**EXERCISE BRIEF**:
Drop the pictures from the entries below, then reproduce the rest exactly.

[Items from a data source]
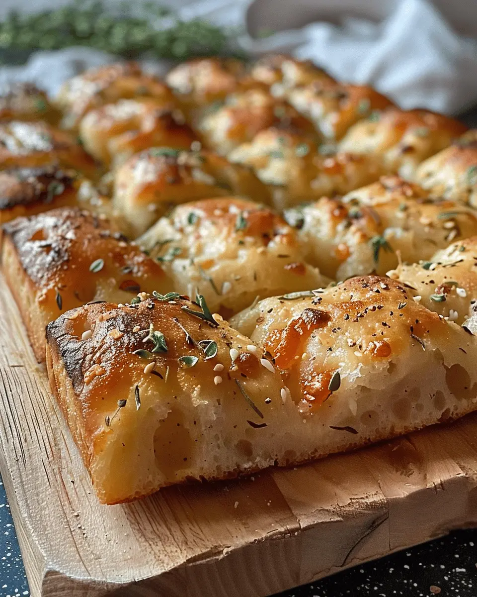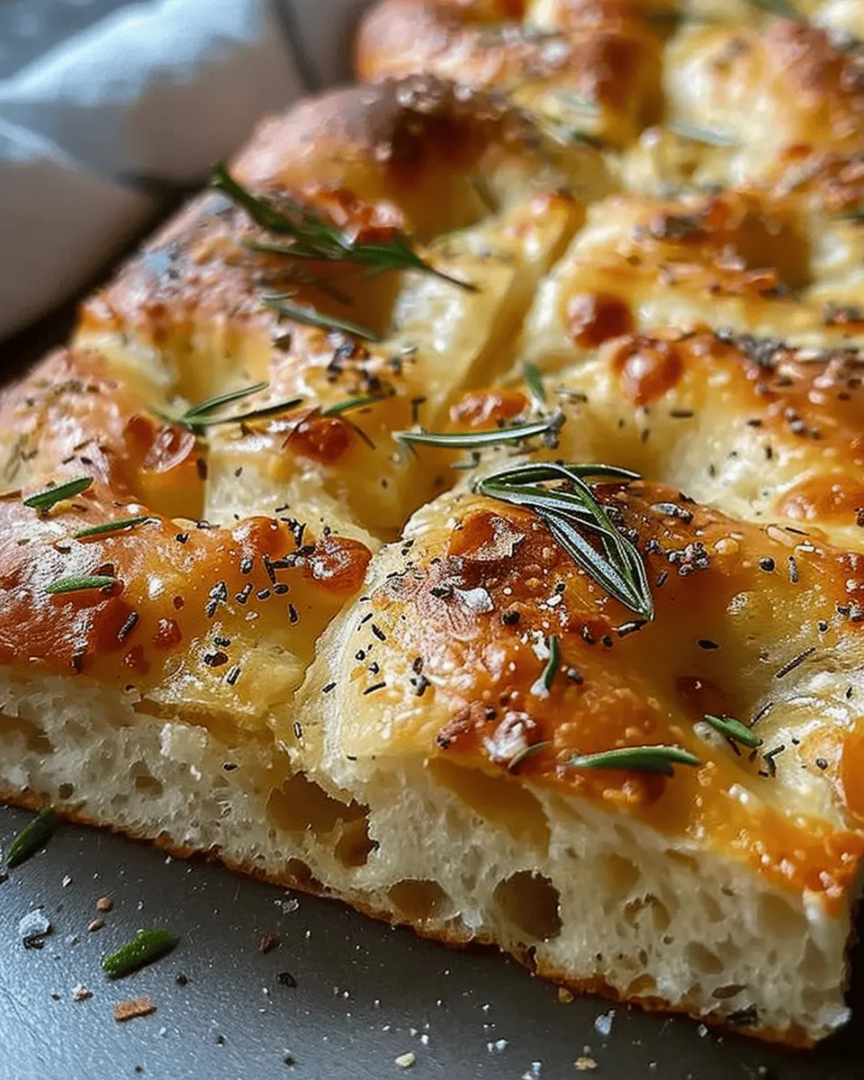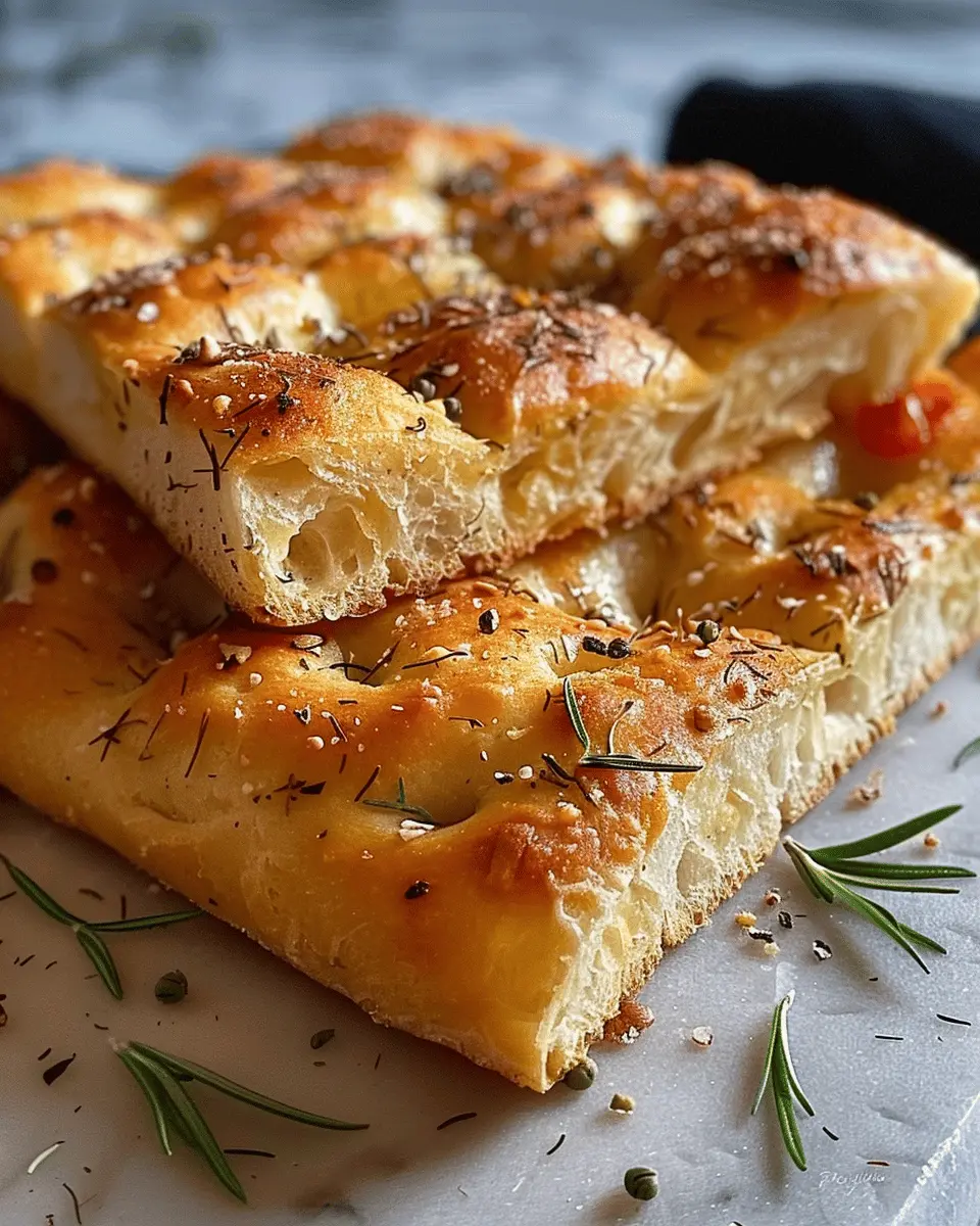 Want to take your focaccia game to the next level? Try a cheese-stuffed version! This variation adds an element of surprise with gooey, melty cheese tucked inside. As the dough rises, simply place shredded mozzarella or your favorite cheese in the center before folding in the edges. Baked to perfection, you’ll have an irresistible focaccia that oozes cheesy goodness with every slice. It’s perfect for gatherings or a cozy night in. Pair it with marinara for dipping or enjoy it on its own.
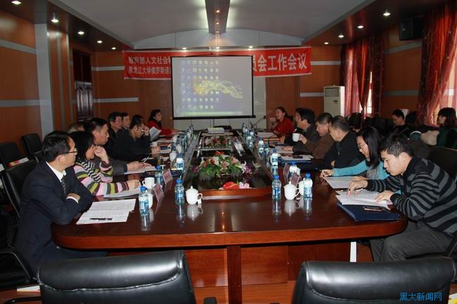 2012年1月7日,教育部人文社会科学重点研究基地6686俄罗斯语言文学与文化研究中心在我校C区留学生公寓会议室召开了2011年度学术委员会工作会议。我校副校长丁立群,黑龙江省教育厅科技处处长李柏峰,6686社会科学处,以及来自中国社会科学院、北京大学、上海外国语大学、北京外国语大学、北京师范大学、华东师范大学、解放军外国语学院等高校的基地学术委员会委员参加了会议,会议由基地主任孙淑芳主持。
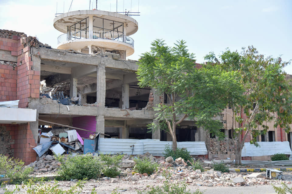 صور تظهر حجم الدمار الذي لحق بمطار تعز جراء الحرب
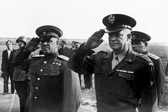 Маршал Георгий Константинович Жуков (слева) и генерал армии Дуайт Дэвид Эйзенхауэр во время исполнения национальных гимнов СССР и США на церемонии встречи Эйзенхауэра в Москве. 11 августа 1945 г.
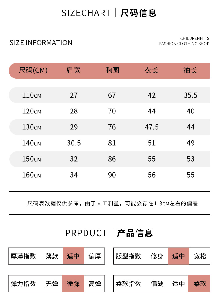| 参考身高: 110/52 120/56 130/60 140/64 150/68 160/72 | 适用季节: 春秋 |
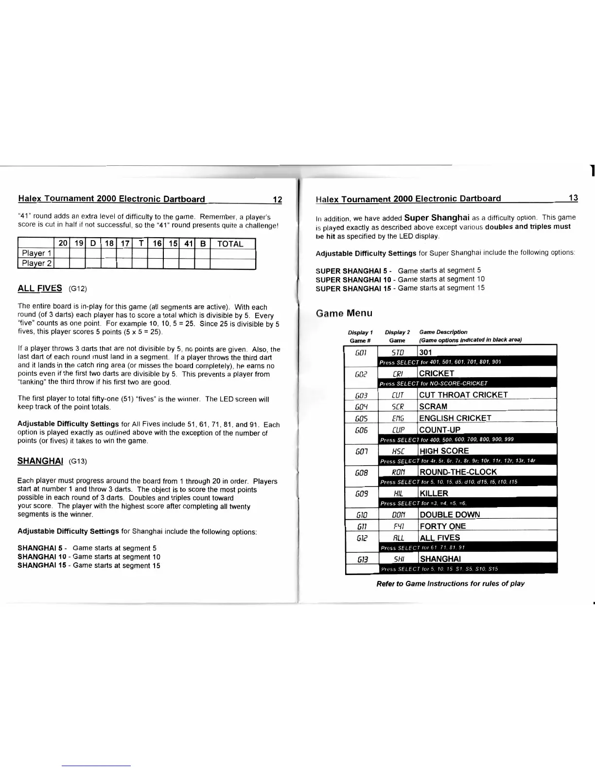 Halex Tournament 2000 - Killer (G09); Double down (G10); Double down 41 (G11); All Fives (G12)
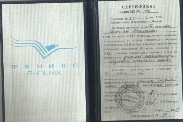 Курсы учителей по системе развивающего обучения Д.Б. Эльконина, В.В.Давыдова, окончила полный курс по специальности «учитель развивающего обучения начальной школы», 1993–1995 гг.
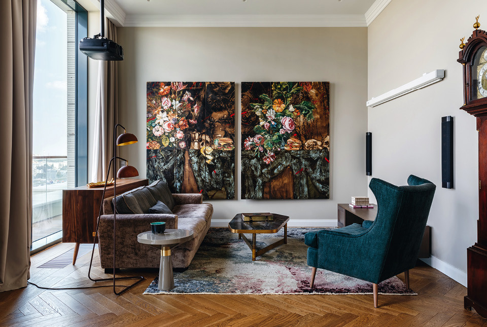 Диптих Ильи Гапонова из серии “Фиатирский престол”, который мы видим в этой комнате, был куплен дизайнером и заказчиками на ярмарке Cosmoscow специально для проекта. “Подбор искусства — сложный и интересный процесс. Картины должны не только подходить по масштабу и колориту, но и отражать мировоззрение владельцев. Это не просто декор на стенах, они наполняют пространство дополнительным смыслом, заряжают его эмоционально, заставляют зрителя думать. Обе картины написаны на деревянных панелях, как иконы. Языком гротеска художник рассказывает о ложных ценностях современного мира”, — говорит дизайнер. Искусство подбирали в уже полностью готовый интерьер. “Для гостиной нужна была крупная и насыщенная по колориту работа, чтобы уравновесить активную сине-зеленую кухню у противоположной стены”, — объясняет Ирина.

**SOLUTION FOR THIS PROBLEM**:
 Want to take your focaccia game to the next level? Try a cheese-stuffed version! This variation adds an element of surprise with gooey, melty cheese tucked inside. As the dough rises, simply place shredded mozzarella or your favorite cheese in the center before folding in the edges. Baked to perfection, you’ll have an irresistible focaccia that oozes cheesy goodness with every slice. It’s perfect for gatherings or a cozy night in. Pair it with marinara for dipping or enjoy it on its own.
 2012年1月7日,教育部人文社会科学重点研究基地6686俄罗斯语言文学与文化研究中心在我校C区留学生公寓会议室召开了2011年度学术委员会工作会议。我校副校长丁立群,黑龙江省教育厅科技处处长李柏峰,6686社会科学处,以及来自中国社会科学院、北京大学、上海外国语大学、北京外国语大学、北京师范大学、华东师范大学、解放军外国语学院等高校的基地学术委员会委员参加了会议,会议由基地主任孙淑芳主持。
 صور تظهر حجم الدمار الذي لحق بمطار تعز جراء الحرب
 Маршал Георгий Константинович Жуков (слева) и генерал армии Дуайт Дэвид Эйзенхауэр во время исполнения национальных гимнов СССР и США на церемонии встречи Эйзенхауэра в Москве. 11 августа 1945 г.
| 参考身高: 110/52 120/56 130/60 140/64 150/68 160/72 | 适用季节: 春秋 |
 Halex Tournament 2000 - Killer (G09); Double down (G10); Double down 41 (G11); All Fives (G12)
 Курсы учителей по системе развивающего обучения Д.Б. Эльконина, В.В.Давыдова, окончила полный курс по специальности «учитель развивающего обучения начальной школы», 1993–1995 гг.
 Диптих Ильи Гапонова из серии “Фиатирский престол”, который мы видим в этой комнате, был куплен дизайнером и заказчиками на ярмарке Cosmoscow специально для проекта. “Подбор искусства — сложный и интересный процесс. Картины должны не только подходить по масштабу и колориту, но и отражать мировоззрение владельцев. Это не просто декор на стенах, они наполняют пространство дополнительным смыслом, заряжают его эмоционально, заставляют зрителя думать. Обе картины написаны на деревянных панелях, как иконы. Языком гротеска художник рассказывает о ложных ценностях современного мира”, — говорит дизайнер. Искусство подбирали в уже полностью готовый интерьер. “Для гостиной нужна была крупная и насыщенная по колориту работа, чтобы уравновесить активную сине-зеленую кухню у противоположной стены”, — объясняет Ирина.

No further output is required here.